[Raw data — start]

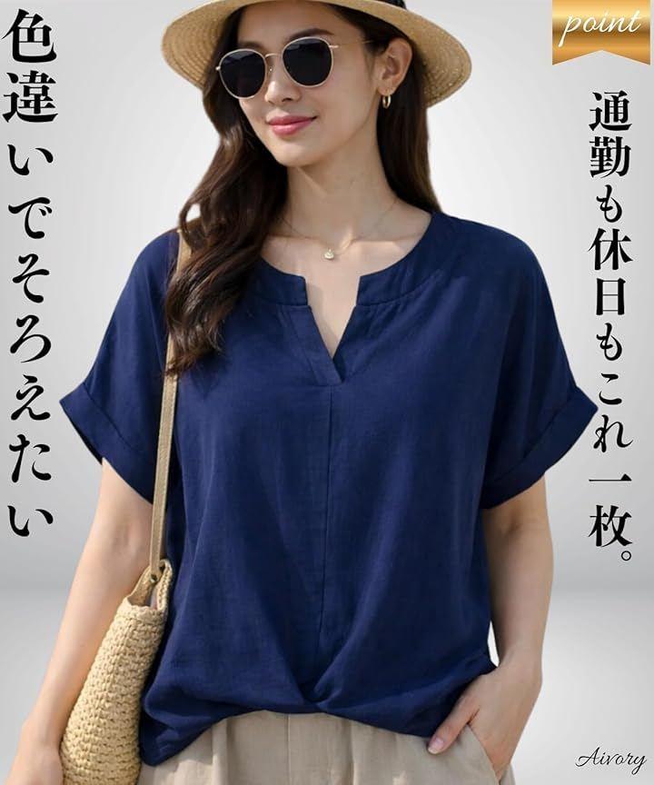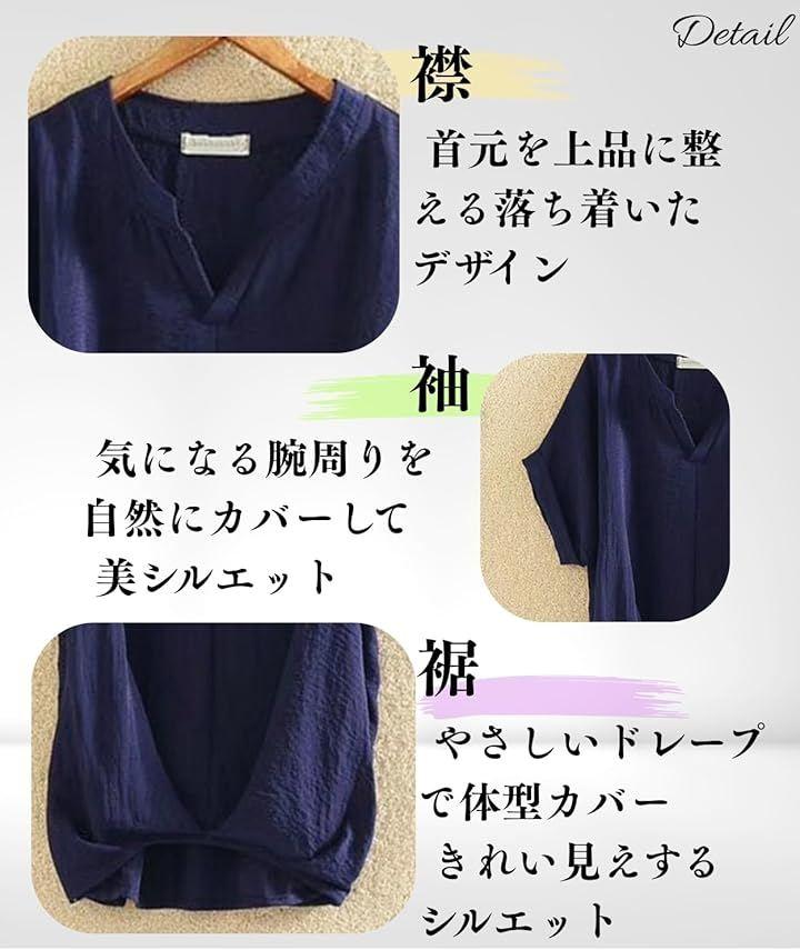 綿麻混で涼しく二の腕カバー 柔らかい綿麻混の薄手素材を使用し、通気性は抜群。
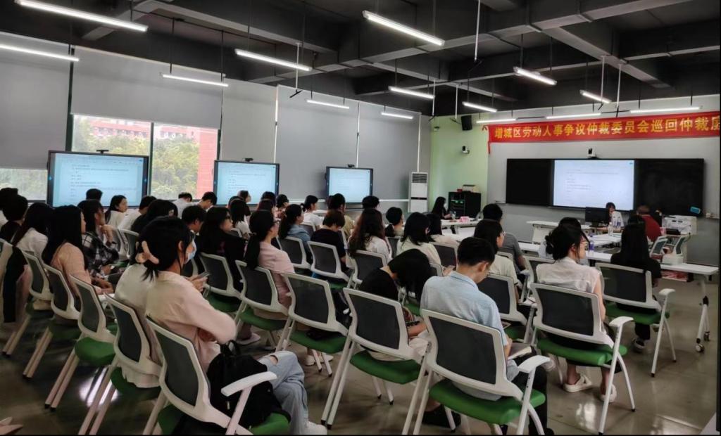 随着仲裁员、书记员、申请人、被申请人准备就绪,巡回仲裁庭首案正式开庭。来自校外企业方、华商教育集团、伟德体育、广州华商职业学院及广东华商技工学校的人事、法务岗人员及人力资源相关专业师生代表逾50人到场观摩学习。庭审现场座无虚席,井然有序。
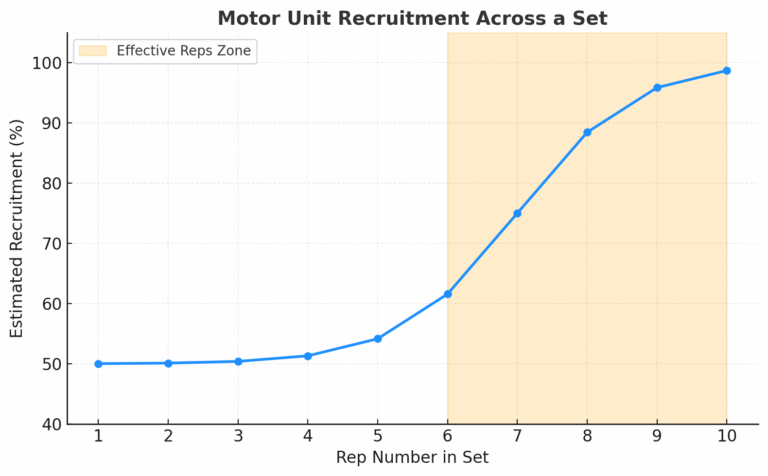 This happens because of something called the Henneman Size Principle. in simple terms, your body recruits muscle fibers in order of size: the smaller, more endurance-oriented fibers come first, and the larger, more powerful fibers only join in when the effort becomes demanding. As you fatigue during a set, those bigger fibers are finally called into action. That’s why the hardest reps at the end are the most effective-they’re the ones that fully recruit the fibers with the greatest potential for strength and size gains.

[Raw data — finish]

Required work. This task calls for an exact copy of the data above, without pictures.

Output of the task.
 綿麻混で涼しく二の腕カバー 柔らかい綿麻混の薄手素材を使用し、通気性は抜群。
 随着仲裁员、书记员、申请人、被申请人准备就绪,巡回仲裁庭首案正式开庭。来自校外企业方、华商教育集团、伟德体育、广州华商职业学院及广东华商技工学校的人事、法务岗人员及人力资源相关专业师生代表逾50人到场观摩学习。庭审现场座无虚席,井然有序。
 This happens because of something called the Henneman Size Principle. in simple terms, your body recruits muscle fibers in order of size: the smaller, more endurance-oriented fibers come first, and the larger, more powerful fibers only join in when the effort becomes demanding. As you fatigue during a set, those bigger fibers are finally called into action. That’s why the hardest reps at the end are the most effective-they’re the ones that fully recruit the fibers with the greatest potential for strength and size gains.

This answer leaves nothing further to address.